Jalapeño Cheddar Crackers
2 C all purpose flour
1 tsp kosher salt
1/8 tsp baking powder
14 T cold unsalted butter cut into 1/2 inch cubes
5 oz extra sharp white cheddar cheese, grated
1 T minced jalapeño
1/4 tsp chipotle chili powder
3 T ice water
1 egg beaten with 1 T milk for egg wash
Sea salt for sprinkling
- Pulse the flour, salt, and baking powder in the bowl of a food processor.
- Add the butter and pulse a few times until the mixture is a coarse meal.
- Add the cheese, jalapeño, and chili powder and pulse.

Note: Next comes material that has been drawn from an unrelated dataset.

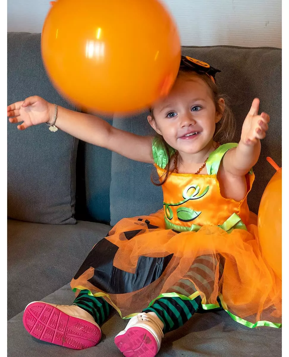 Søtt til Halloween! Dette gresskarkostymet for jenter består av en kjole og et pannebånd (strømpebukser og sko er ikke inkludert). Den pene ermeløse kjolen er oransje. Trekkene til et smilende gresskar er trykt i svart. De tynne stroppene er grønne. En svart tyllkant pryder kragen. Midjen er markert av et grønt belte med små svarte prikker og en sløyfe. Bysten er dekorert med grønt løvverk som minner om toppen av gresskaret. Skjørtet er utslengt, og en grønn kant fullfører bunnen av antrekket. Et oransje og svart gresskar er festet til det oransje pannebåndet. Velg dette gresskarkostymet. Datteren din kommer til å bli så søt!. Inkludert tilbehør: Kjolepannebånd Materiale: 100 % polyester Vedlikehold: Håndvask
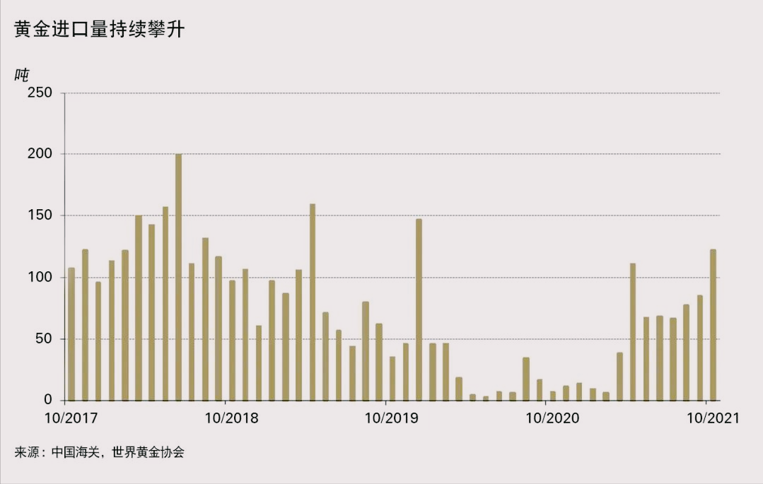 而更让市场意外的是,据中国黄金协会在1月27日发布的数据显示,2021年进口原料产金114.58吨,据海关发布的最新数据,截至去年12月的前11个月内,中国的黄金总进口量高达696吨,大幅高于2020年,比如,去年10月中国的黄金进口量就达到2019年12月以来的最高值,大幅增长了123吨。

- Add the ice water and pulse until the dough starts to form a ball.
- Pour the dough onto a large piece of plastic wrap and form it into a 14 inch log. Wrap with the plastic wrap and refrigerated for at least an hour.
- When ready to bake, preheat the oven to 400 degrees F.
- Line 2 baking sheets with parchment.
- Cut the dough into 3/8 inch slices and place them on the parchment. Brush with the egg wash and sprinkle lightly with sea salt.
- Bake, one sheet at a time, for 12 to 15 minutes.
Makes about 32 cookies.
Recipe slightly adapted from Barefoot Contessa Foolproof.